The objective function for linear SVM is given by

$$L(\alpha) = \sum \limits_{i=1}^{m} \alpha_i - \frac{1}{2} \sum \limits_{i=1}^{m} \sum \limits_{j=1}^{m} \alpha_i\alpha_jt_it_jx_i^T.x_j$$

The objective function for linear SVM after $\phi$ transformation

$$L(\alpha) = \sum \limits_{i=1}^{m} \alpha_i - \frac{1}{2} \sum \limits_{i=1}^{m} \sum \limits_{j=1}^{m} \alpha_i\alpha_jt_it_j\phi (x_i)^T.\phi (x_j)$$

where $\alpha$ is the Lagrange multiplier such that $\alpha_i \geq 0$ for $i = 1, \cdots, m$ and $\sum \limits_{i=1}^{m}\alpha_it_i = 0$.

The objective function after transformation is more expensive to evaluate than the previous one and it leads to the following modified form

$$L(\alpha) = \sum \limits_{i=1}^{m} \alpha_i - \frac{1}{2} \sum \limits_{i=1}^{m} \sum \limits_{j=1}^{m} \alpha_i\alpha_jt_it_jK(x_i,x_j)$$

where $K(x_i,x_j) = \phi (x_i)^T.\phi (x_j)$ is called a kernel function.

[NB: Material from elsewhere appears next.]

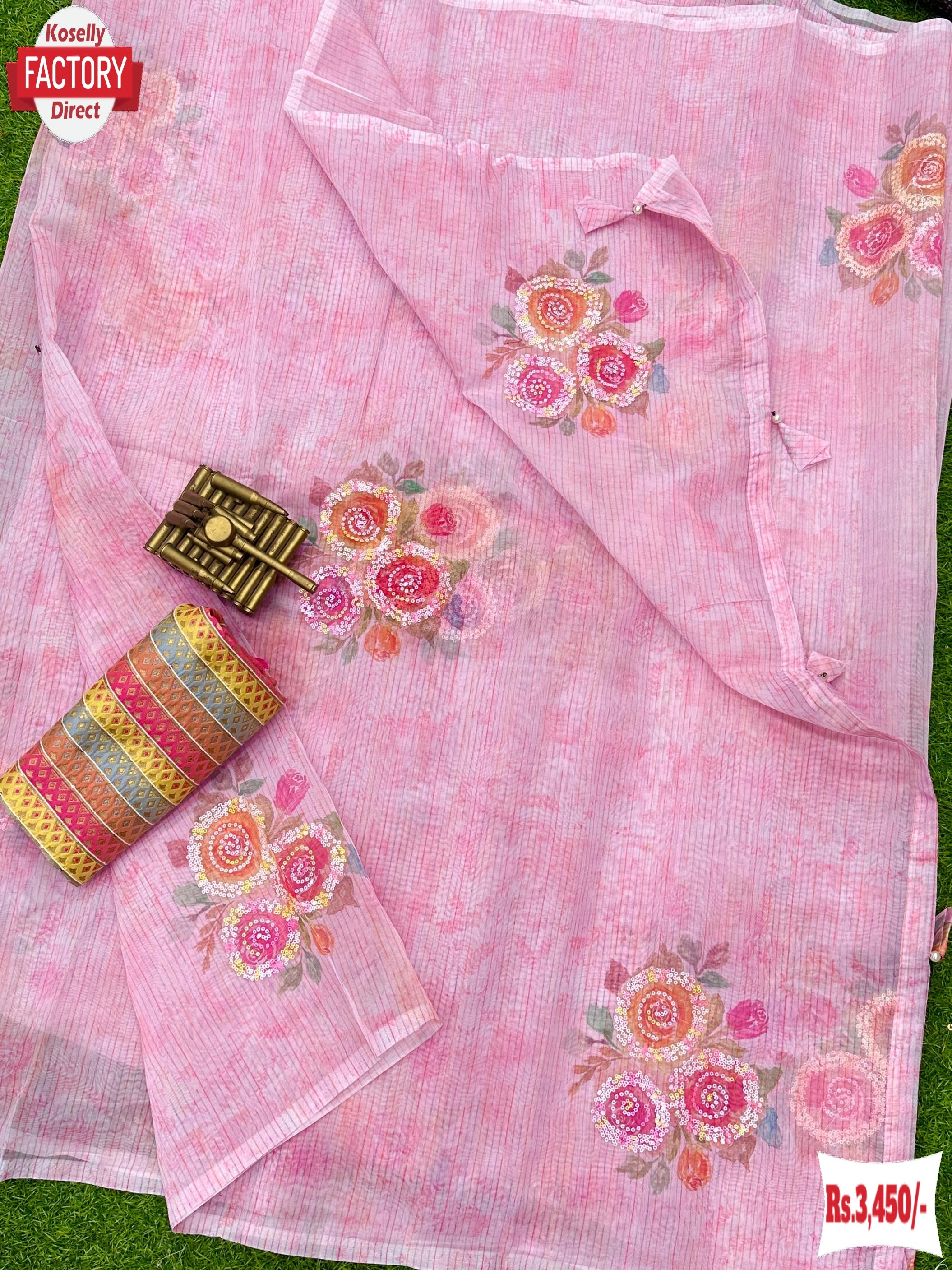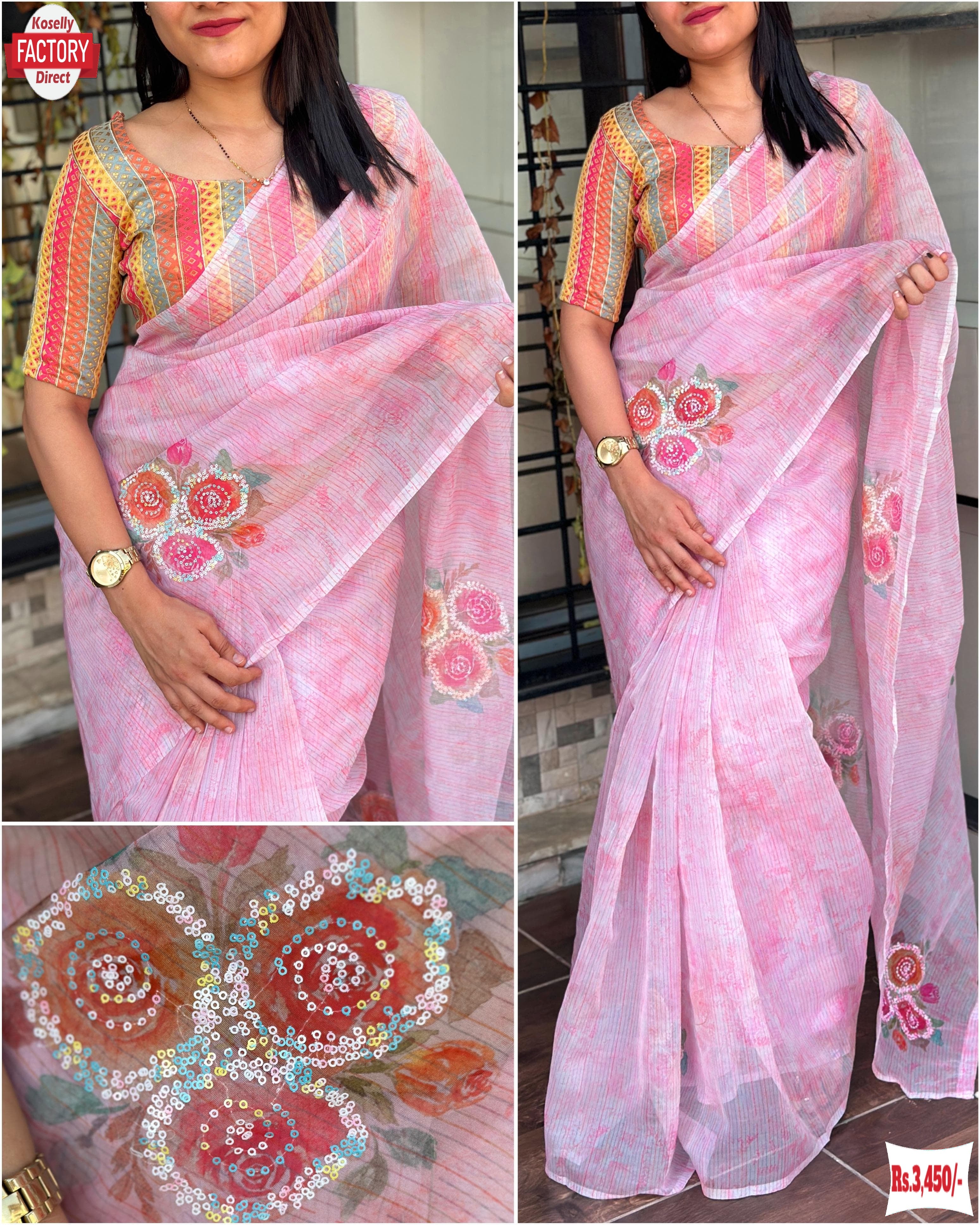 Get ready to rule the fashion jungle with our Soft Organza Multithread Embroidered Partywear Saree! Made with the softest organza fabric, this saree features a stunning 3D digital print with hand multi sequins work and tussle in the pallu. The contrast jacquard blouse, adorned with multi thread Minakari work, will make you feel like a queen. Weighting only 400g, you'll feel light and confident as you take on any challenge in this saree!

Hence, in machine learning, a kernel is a function capable of computing the dot product $ϕ(x_i)^T ϕ(x_j)$ based only on the original vectors $x_i$ and $x_j$, without having to compute (or even to know about) the transformation $ϕ$. This is the essence of the kernel trick.

Some of the most commonly used kernels are:

* Linear: 
$$K(x_i, x_j) = x_i^Tx_j$$
* Polynomial: 
$$K(x_i, x_j) = (\gamma x_i^Tx_j + r)^d$$
* Gaussian Radial Basis Function (RBF): 
$$K(x_i, x_j) = exp(-\gamma ||x_i - x_j||^2)$$
* Sigmoid: 
$$K(x_i, x_j) = tanh(\gamma x_i^Tx_j + r)$$

where $x_i$ and $x_j$ are original vectors, $d$ is degree of polynomial, $r$ is free parameter and $\gamma$ is regularization parameter.

One of the most commonly used kernels for SVM is RBF kernel. Let's see how it works.

### Working of RBF Kernel

One of the techniques to tackle nonlinear problems is to add features computed using a similarity function that measures how much each instance resembles a particular landmark. 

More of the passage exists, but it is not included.